Your objective: For this exercise, write out each entry below exactly, omitting the images.

Records to use:
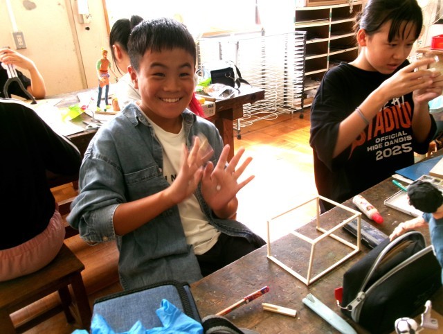 6年3組の図工の授業の様子です。「未来の私」もだいぶ仕上がってきました。小物作り...
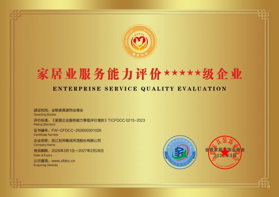 3·15國際消費者權(quán)益日來臨之際,深耕中國家居建材領(lǐng)域二十余年、集成吊頂發(fā)明者YOUPON友邦,一舉斬獲全國工商聯(lián)家具裝飾業(yè)商會頒發(fā)的三項重磅榮譽(yù):家居業(yè)產(chǎn)品質(zhì)量評價★★★★★級企業(yè)、家居業(yè)信用評價AAAAA級企業(yè)、家居業(yè)服務(wù)能力評價★★★★★級企業(yè)。此次攬獲三項權(quán)威評級,不僅是市場與消費者對友邦二十余年堅守品質(zhì)、恪守誠信、精進(jìn)服務(wù)的全面肯定,更是行業(yè)對其作為標(biāo)桿企業(yè),引領(lǐng)中國制造高質(zhì)量發(fā)展的高度認(rèn)可。
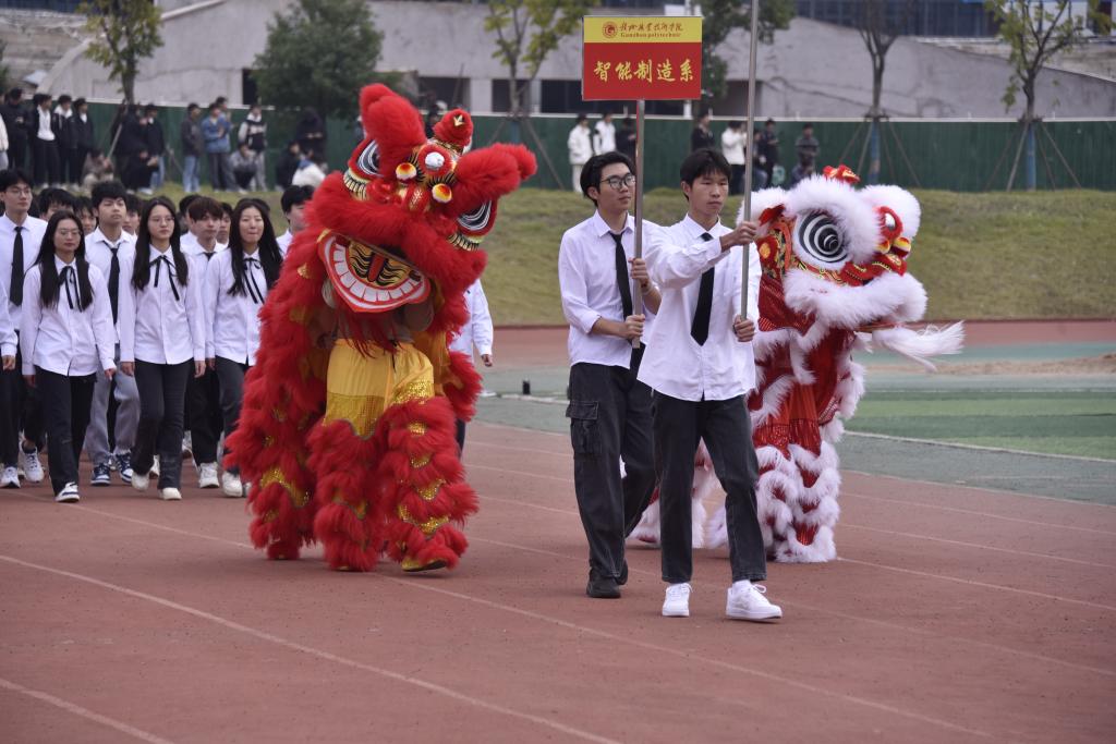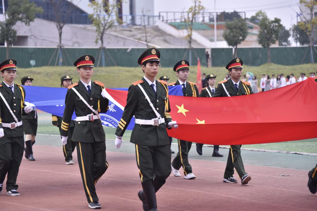 在國旗護衛隊引領下,此次運動會開幕式正式拉開序幕。伴隨著激昂的旋律,邁著鏗鏘有力的步伐,各系部代表隊入場,展現各系部朝氣蓬勃的面貌。
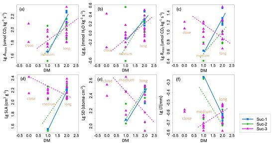图1.果实扩散模式(DM)与其他性状在不同演替阶段的线性关系
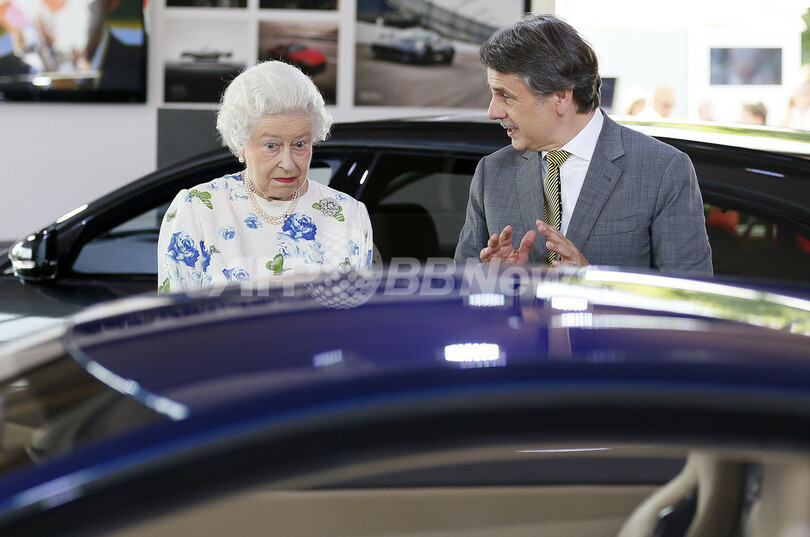 写真は宮殿の庭に展示された英国車「ジャガー」を見るエリザベス女王(2013年7月11日撮影)。(c)AFP/Stefan Wermuth
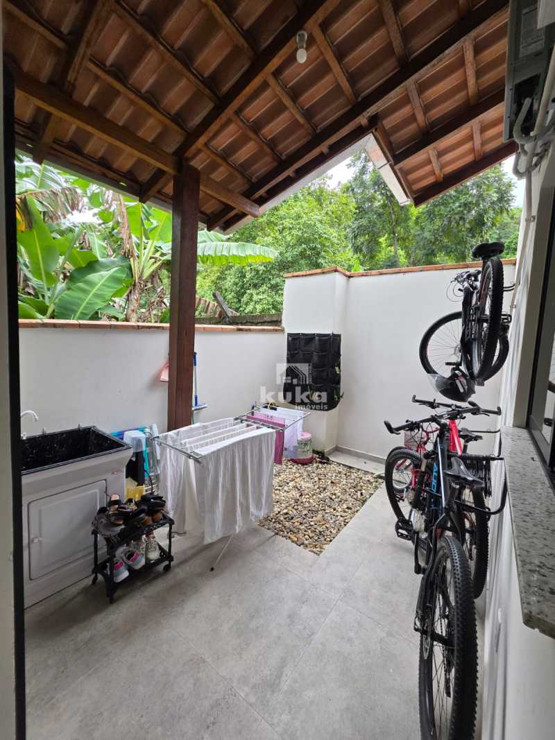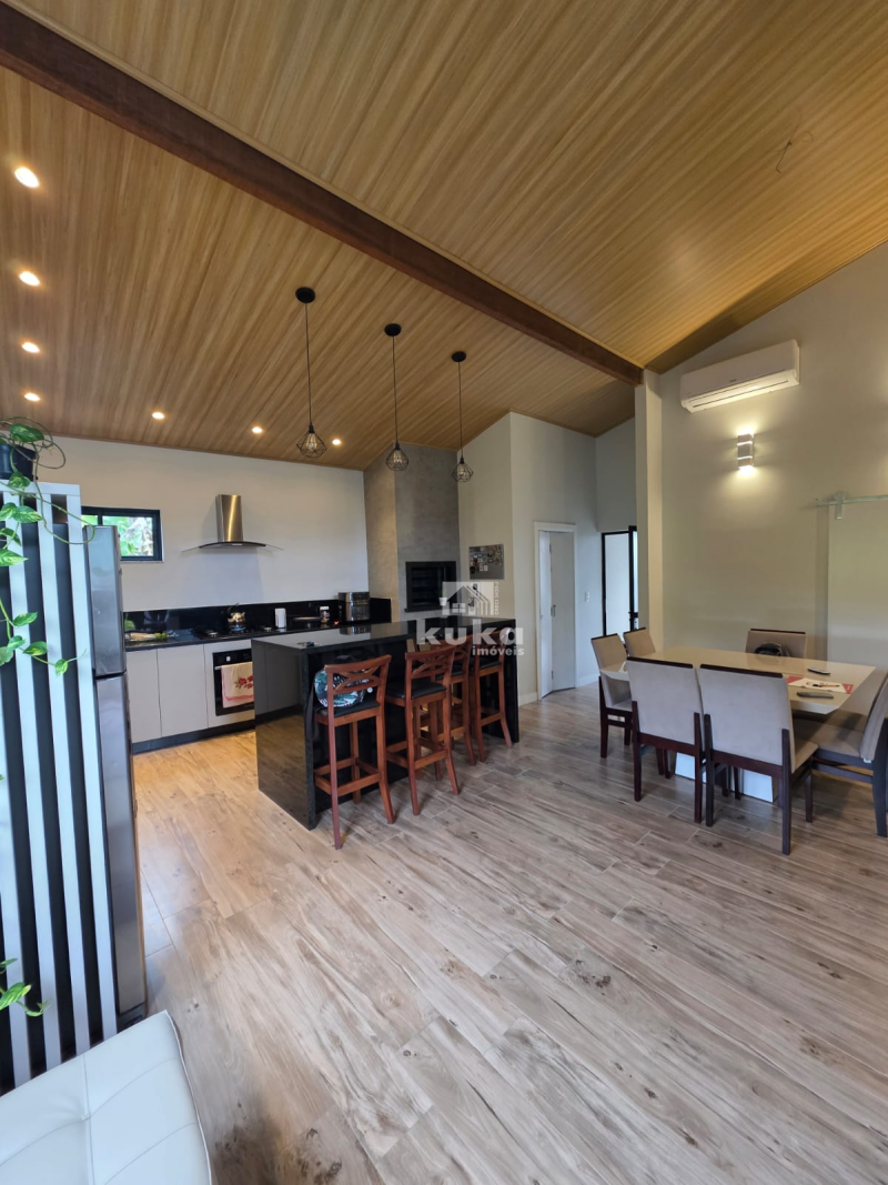 1 suíte + 2 dormitórios, sala de estar, sala de jantar, copa, área de serviço, 2 banheiros, 2 vagas de garagem, varanda, churrasqueira, jardim, quintal, alvenaria, murado.
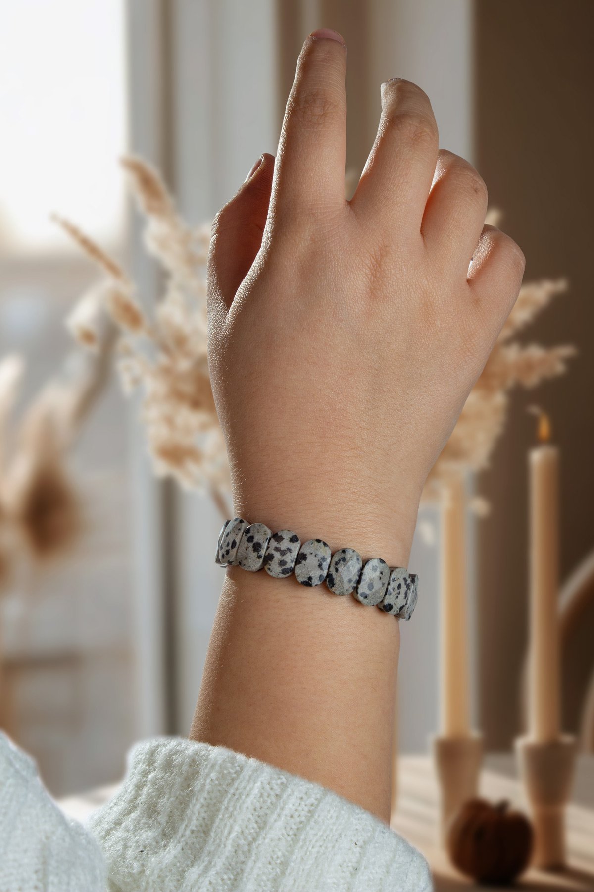 Benekli Jasper Doğal Taş Oval Kesim Roleks Bileklik (BLKRLK-0012)
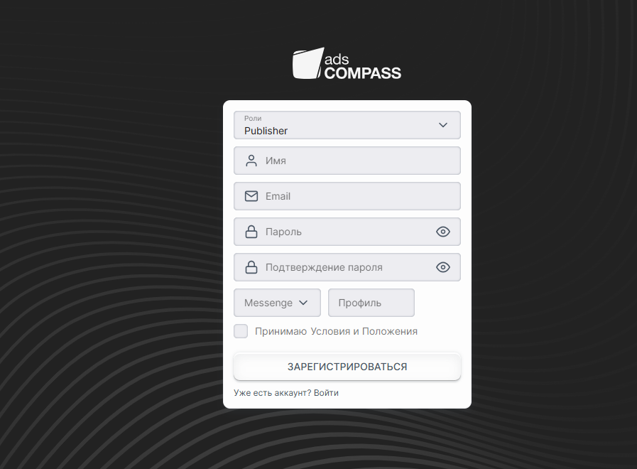 Чтобы приступить к работе с рекламной сетью AdsCompass, нужно зарегистрироваться на официальном сайте. Сначала вам нужно будет указать роль: рекламодатель или вебмастер. В зависимости от этого функционал аккаунта будет меняться. Затем от вас требуется указать имя, e-mail, пароль и ник в соцсетях, например, в Telegram.
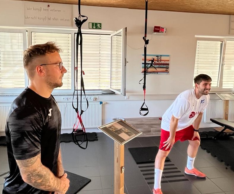 Für unsere 1. Herrenmannschaft ging es am Freitag, den 14. Juli, bei der 4. Trainingseinheit der diesjährigen Sommervorbereitung mal nicht auf den Platz, sondern nach Weiher ins dortige Studio „Free Moves – Beweg dich fit!“, das mit Sascha Just (Fitnesstrainer, Fachtrainer für Rehabilitation) und Steffen Just (Staatlich anerkannter Sport- und Gymnastiklehrer, Sporttherapeut, Bachelor of Fitnessökonomie, Fachtrainer für Rehabilitation, Rückenschulleiter) von zwei ehemaligen Fußballschützlingen unseres Trainers Alex Runne und bis zur vergangenen Saison Spielern des FC Weiher geleitet wird. Unseren Männern wurde ein abwechslungsreiches funktionelles Training zur weiteren Fitnessverbesserung angeboten und trotz mehreren Tropen Schweiß waren alle mit viel Spaß und großer Motivation bei der Sache. Vielen Dank an Sascha und Steffen! Fotos siehe nachstehend.
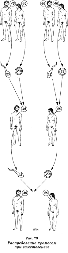 У млекопитающих мейоз осуществляется в специализированных клетках семенников и яичников, в которых продуцируются мужские и женские гаметы соответственно. Выявлены белки — индукторы мейоза. В процессе мейоза дипдоидное число хромосом (2п), которое характерно для соматических клеток (клеточных ядер) и незрелых зародышевых клеток, изменяется до гаплоидного числа (In), характерного для зрелых зародышевых клеток. Таким образом, в результате гаметогенеза половые клетки получают лишь половину хромосом соматических клеток (рис. 79). Поведение хромосом в период гаметогенеза у животных является одинаковым как у мужских, так и у женских особей. Однако пол различается во времени происхождения разных стадий мейоза, что особенно заметно у человека. У мужских особей в постпубертатный период полный процесс мейоза завершается примерно в течение двух месяцев, в то время как у женских особей первое мейотическое деление начинается еще в фетальном яичнике и не завершается, пока не начнется овуляция, которая наступает у них примерно в пятнадцать лет. У высших животных в случае мужских особей мейоз сопровождается образованием четырех функционально активных гамет (рис. 80). Напротив, у женских особей каждый овоцит II порядка дает лишь одну яйцеклетку. Другие ядерные продукты женского мейоза представляют собой три редукционных тельца, которые не участвуют в размножении и дегенерируют. Мейоз состоит из двух делений клеточного ядра, которые называют мейотическими. Первое мейотическое деление ядра разделяет членов каждой пары гомологичных хромосом после того, как они спарились одна с другой (синапсис) и обменялись генетическим материалом (кроссинговер). В результате этого разделения образуется два гаплоидных ядра. Второе мейотическое деление разделяет две продольные половины хромосом (хроматиды) в каждом из этих ядер, продуцируя четыре гаплоидных ядра. В процессе гаметогенеза происходит также дифференциация яйцеклеток (овогенез) и сперматозоидов (сперматогенез), являющаяся пререквизитом их функций. Будучи высокоспециализированными структурами, яйцеклетки животных намного крупнее сперматозоидов, обычно неподвижны и содержат питательный материал, который обеспечивает развитие эмбриона в начальном периоде после оплодотворения. Сперматозоиды большинства животных обладают жгутиком, обеспечивающим независимость их движения.
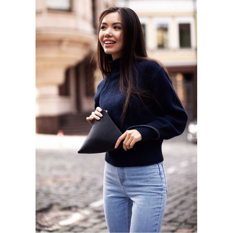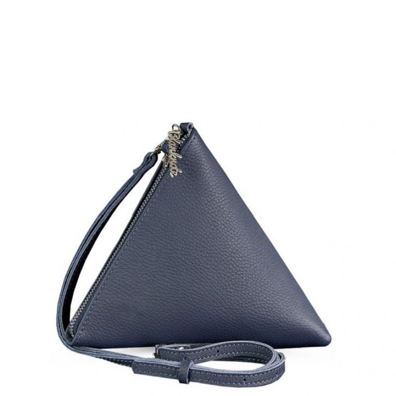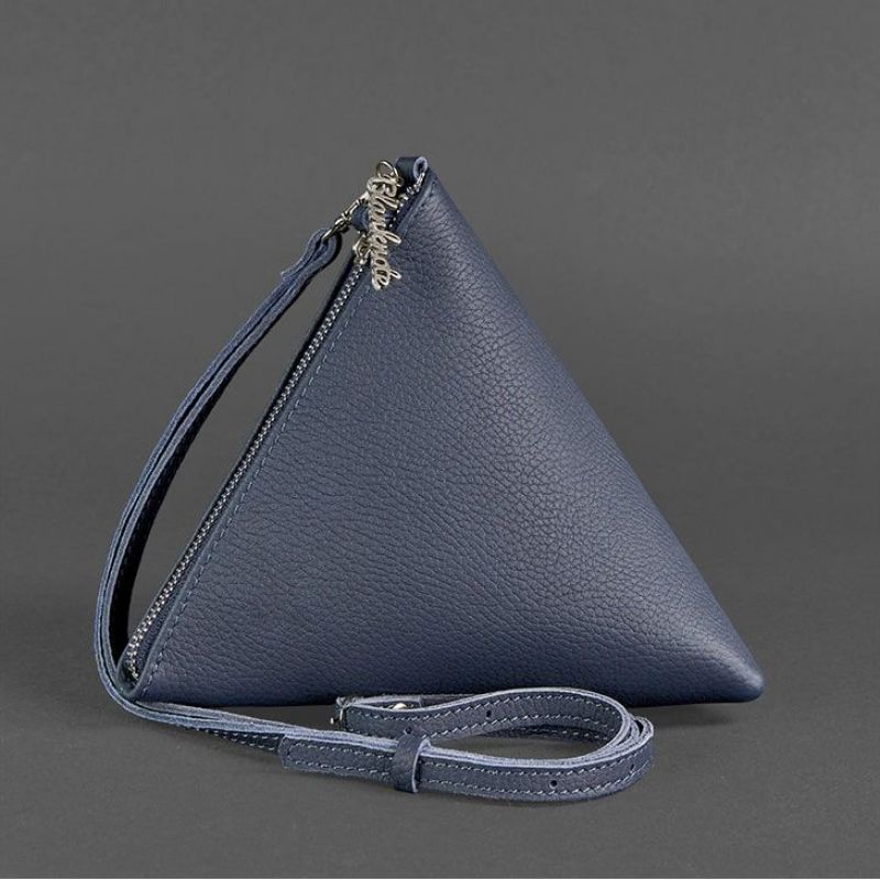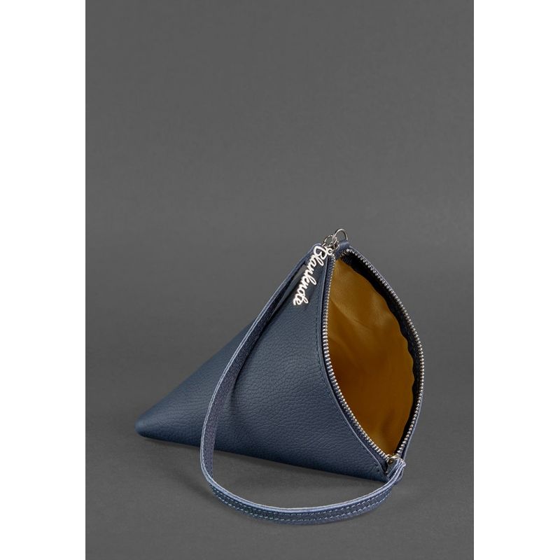 Кожаная женская сумка-косметичка Пирамида синяя

Written response:
 6年3組の図工の授業の様子です。「未来の私」もだいぶ仕上がってきました。小物作り...
 3·15國際消費者權(quán)益日來臨之際,深耕中國家居建材領(lǐng)域二十余年、集成吊頂發(fā)明者YOUPON友邦,一舉斬獲全國工商聯(lián)家具裝飾業(yè)商會頒發(fā)的三項重磅榮譽(yù):家居業(yè)產(chǎn)品質(zhì)量評價★★★★★級企業(yè)、家居業(yè)信用評價AAAAA級企業(yè)、家居業(yè)服務(wù)能力評價★★★★★級企業(yè)。此次攬獲三項權(quán)威評級,不僅是市場與消費者對友邦二十余年堅守品質(zhì)、恪守誠信、精進(jìn)服務(wù)的全面肯定,更是行業(yè)對其作為標(biāo)桿企業(yè),引領(lǐng)中國制造高質(zhì)量發(fā)展的高度認(rèn)可。
 在國旗護衛隊引領下,此次運動會開幕式正式拉開序幕。伴隨著激昂的旋律,邁著鏗鏘有力的步伐,各系部代表隊入場,展現各系部朝氣蓬勃的面貌。
图1.果实扩散模式(DM)与其他性状在不同演替阶段的线性关系
 写真は宮殿の庭に展示された英国車「ジャガー」を見るエリザベス女王(2013年7月11日撮影)。(c)AFP/Stefan Wermuth
 1 suíte + 2 dormitórios, sala de estar, sala de jantar, copa, área de serviço, 2 banheiros, 2 vagas de garagem, varanda, churrasqueira, jardim, quintal, alvenaria, murado.
 Benekli Jasper Doğal Taş Oval Kesim Roleks Bileklik (BLKRLK-0012)
 Чтобы приступить к работе с рекламной сетью AdsCompass, нужно зарегистрироваться на официальном сайте. Сначала вам нужно будет указать роль: рекламодатель или вебмастер. В зависимости от этого функционал аккаунта будет меняться. Затем от вас требуется указать имя, e-mail, пароль и ник в соцсетях, например, в Telegram.
 Für unsere 1. Herrenmannschaft ging es am Freitag, den 14. Juli, bei der 4. Trainingseinheit der diesjährigen Sommervorbereitung mal nicht auf den Platz, sondern nach Weiher ins dortige Studio „Free Moves – Beweg dich fit!“, das mit Sascha Just (Fitnesstrainer, Fachtrainer für Rehabilitation) und Steffen Just (Staatlich anerkannter Sport- und Gymnastiklehrer, Sporttherapeut, Bachelor of Fitnessökonomie, Fachtrainer für Rehabilitation, Rückenschulleiter) von zwei ehemaligen Fußballschützlingen unseres Trainers Alex Runne und bis zur vergangenen Saison Spielern des FC Weiher geleitet wird. Unseren Männern wurde ein abwechslungsreiches funktionelles Training zur weiteren Fitnessverbesserung angeboten und trotz mehreren Tropen Schweiß waren alle mit viel Spaß und großer Motivation bei der Sache. Vielen Dank an Sascha und Steffen! Fotos siehe nachstehend.
 У млекопитающих мейоз осуществляется в специализированных клетках семенников и яичников, в которых продуцируются мужские и женские гаметы соответственно. Выявлены белки — индукторы мейоза. В процессе мейоза дипдоидное число хромосом (2п), которое характерно для соматических клеток (клеточных ядер) и незрелых зародышевых клеток, изменяется до гаплоидного числа (In), характерного для зрелых зародышевых клеток. Таким образом, в результате гаметогенеза половые клетки получают лишь половину хромосом соматических клеток (рис. 79). Поведение хромосом в период гаметогенеза у животных является одинаковым как у мужских, так и у женских особей. Однако пол различается во времени происхождения разных стадий мейоза, что особенно заметно у человека. У мужских особей в постпубертатный период полный процесс мейоза завершается примерно в течение двух месяцев, в то время как у женских особей первое мейотическое деление начинается еще в фетальном яичнике и не завершается, пока не начнется овуляция, которая наступает у них примерно в пятнадцать лет. У высших животных в случае мужских особей мейоз сопровождается образованием четырех функционально активных гамет (рис. 80). Напротив, у женских особей каждый овоцит II порядка дает лишь одну яйцеклетку. Другие ядерные продукты женского мейоза представляют собой три редукционных тельца, которые не участвуют в размножении и дегенерируют. Мейоз состоит из двух делений клеточного ядра, которые называют мейотическими. Первое мейотическое деление ядра разделяет членов каждой пары гомологичных хромосом после того, как они спарились одна с другой (синапсис) и обменялись генетическим материалом (кроссинговер). В результате этого разделения образуется два гаплоидных ядра. Второе мейотическое деление разделяет две продольные половины хромосом (хроматиды) в каждом из этих ядер, продуцируя четыре гаплоидных ядра. В процессе гаметогенеза происходит также дифференциация яйцеклеток (овогенез) и сперматозоидов (сперматогенез), являющаяся пререквизитом их функций. Будучи высокоспециализированными структурами, яйцеклетки животных намного крупнее сперматозоидов, обычно неподвижны и содержат питательный материал, который обеспечивает развитие эмбриона в начальном периоде после оплодотворения. Сперматозоиды большинства животных обладают жгутиком, обеспечивающим независимость их движения.
 Кожаная женская сумка-косметичка Пирамида синяя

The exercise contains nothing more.